Great Bustard                  3 distant birds at Hou Ba Jia Zhuang, Miyun reservoir on the 19/3/2012.

Eurasian Coot                  108 at Hou Ba Jia Zhuang, Miyun reservoir on the 19/3/2012.

Siberian Crane 3, a family party with two adults and a first year, at Miyun reservoir on the 19/3/2012. First seen at Hou Ba Jia Zhuang in the late morning what were undoubtedly these same three birds were later seen at Bulaotun. Rare in Beijing – the only previous sighting from Beijing was of a bird at Wild Duck Lake in March 2008. Terry suggested that the easterly winds of the previous weekend might have drifted this bird, and the White-naped Cranes, inland from the Hebei coast.

White-naped Crane 256 at Bulaotun, Miyun reservoir on the 19/3/2012. 240 had been counted at Hou Ba Jia Zhuang earlier in the day but these were probably part of the group later seen at Bulaotun. Possibly only the second three figure count for Beijing  – but not the largest as 500 birds were reported at Miyun reservoir  one day later that our sighting in 2011 (fide “Xiaoming” in a BirdForum posting of 20 March 2011)
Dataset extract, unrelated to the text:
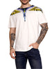 La t-shirt County of Milan F5camath029 in color panna è un capo essenziale per l'uomo contemporaneo. Realizzata in morbido jersey di cotone al 100%, questa maglietta si distingue per l'iconica stampa "ali County of Milan" multicolore sia sul fronte che sul retro. Un perfetto equilibrio tra comfort e stile.
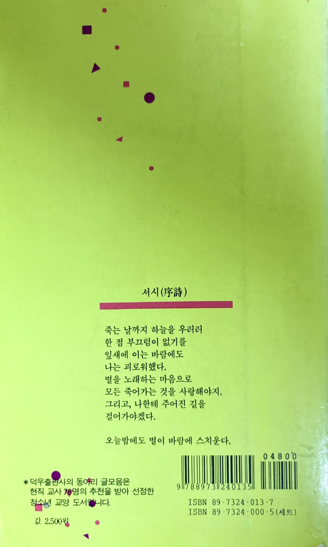 당시의 내가 김소월, 김영랑, 윤동주 같은 일제강점기의 시인들을 좋아했던 이유는 마음의 바닥에 깔린 슬픔 때문이었을지도 모르겠다.

Common Crane 620 at Bulaotun, Miyun reservoir on the 19/3/2012. 100 had been estimated at Hou Ba Jia Zhuang earlier in the day but these were probably part of the group later seen at Bulaotun.

Northern Lapwing                  6 around Miyun reservoir (four at Hou Ba Jia Zhuang & two at Bulaotun) on the 19/3/2012.
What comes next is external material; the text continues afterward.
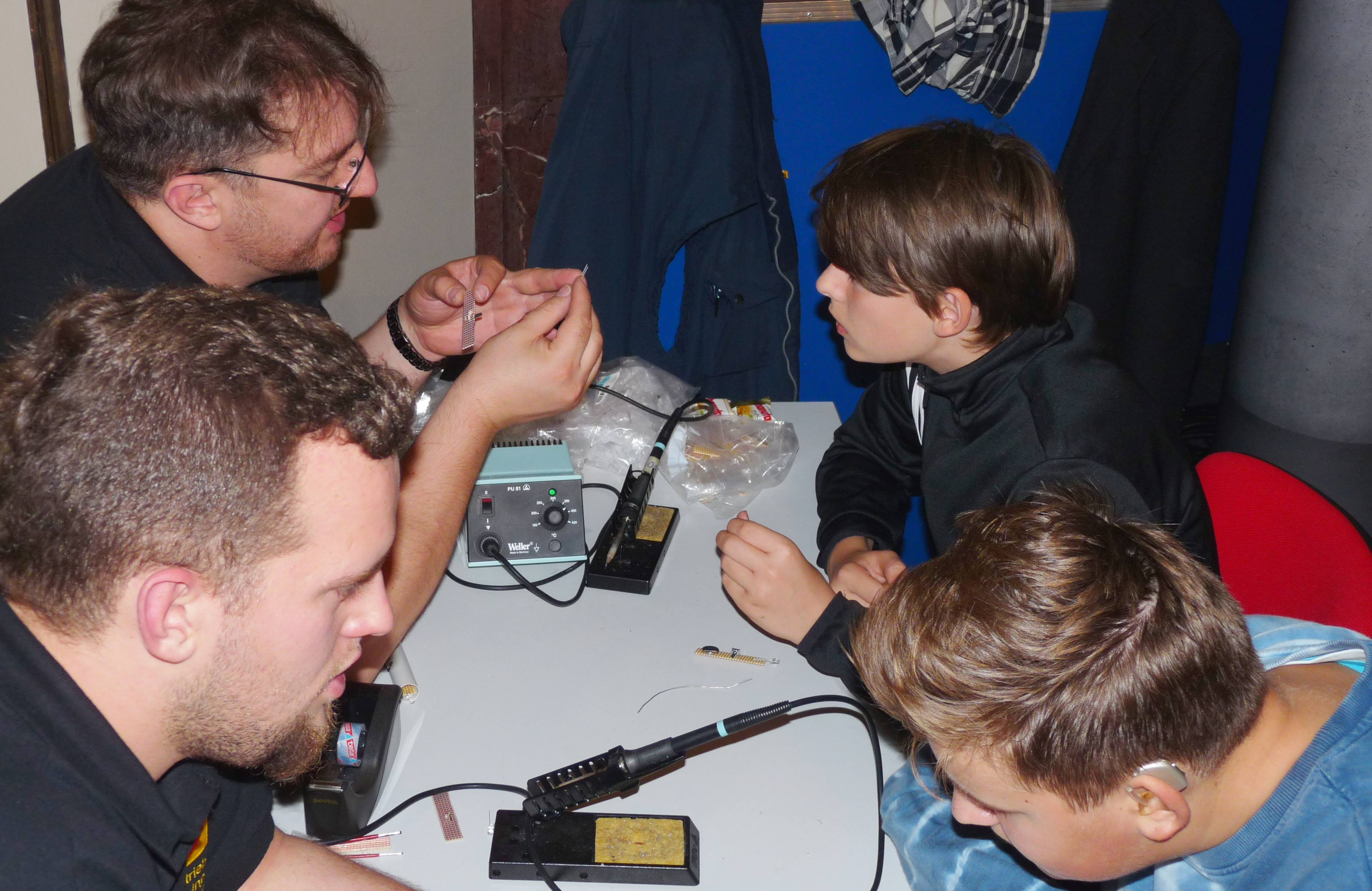 Ein besonderes Highlight für die Besucher war das selbstständige Herstellen einer Taschenlampe. Hierzu mussten die Jugendlichen eine Platine mit Bauelementen bestücken und verlöten. Dann wurde das Ganze zusammengebaut und die Funktion geprüft – ganz wie im wirklichen beruflichen Alltag.

Long-billed Plover                  1 besides the Chao river when viewed from the Xin Zhuang bridge near Taishitun, Miyun on the 19/3/2012.
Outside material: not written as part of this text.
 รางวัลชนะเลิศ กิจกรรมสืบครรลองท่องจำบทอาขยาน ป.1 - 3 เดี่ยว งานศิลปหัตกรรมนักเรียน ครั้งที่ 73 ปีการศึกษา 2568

Kentish Plover                  2 at Hou Ba Jia Zhuang, Miyun reservoir on the 19/3/2012.

Black-headed Gull                  61 at Hou Ba Jia Zhuang, Miyun reservoir on the 19/3/2012.

Mongolian Gull                  2 at Hou Ba Jia Zhuang, Miyun reservoir on the 19/3/2012.

Oriental Turtle Dove                  2 around Miyun reservoir on the 19/3/2012.

Eurasian Collared Dove                  1 near Bulaotun, Miyun reservoir on the 19/3/2012.

Chinese Grey Shrike                  1 at Bulaotun, Miyun reservoir on the 19/3/2012.

Black-billed Magpie                  80 around Miyun reservoir & Miyun town on the 19/3/2012.

Carrion Crow                  4 flew north high over Bulaotun, Miyun reservoir at 16h45 on the 19/3/2012.

Eurasian Skylark                  2 singles at Hou Ba Jia Zhuang, Miyun reservoir on the 19/3/2012.

White-cheeked Starling                  2 in Hou Ba Jia Zhuang village, Miyun reservoir on the 19/3/2012.

Common Starling                  1 at Hou Ba Jia Zhuang, Miyun reservoir on the 19/3/2012.

Eurasian Tree Sparrow                  Present but not counted around Miyun reservoir on the 19/3/2012.

White Wagtail 14 around Miyun reservoir on the 19/3/2012. These included 12 besides the Chaohe when viewed from the Xin Zhuang Bridge. Seven birds were seen well enough to racially assign & they were all leucopsis.

Meadow Bunting                  3 around Miyun reservoir on the 19/3/2012.

Pallas’s Bunting                  8 around Miyun reservoir on the 19/3/2012.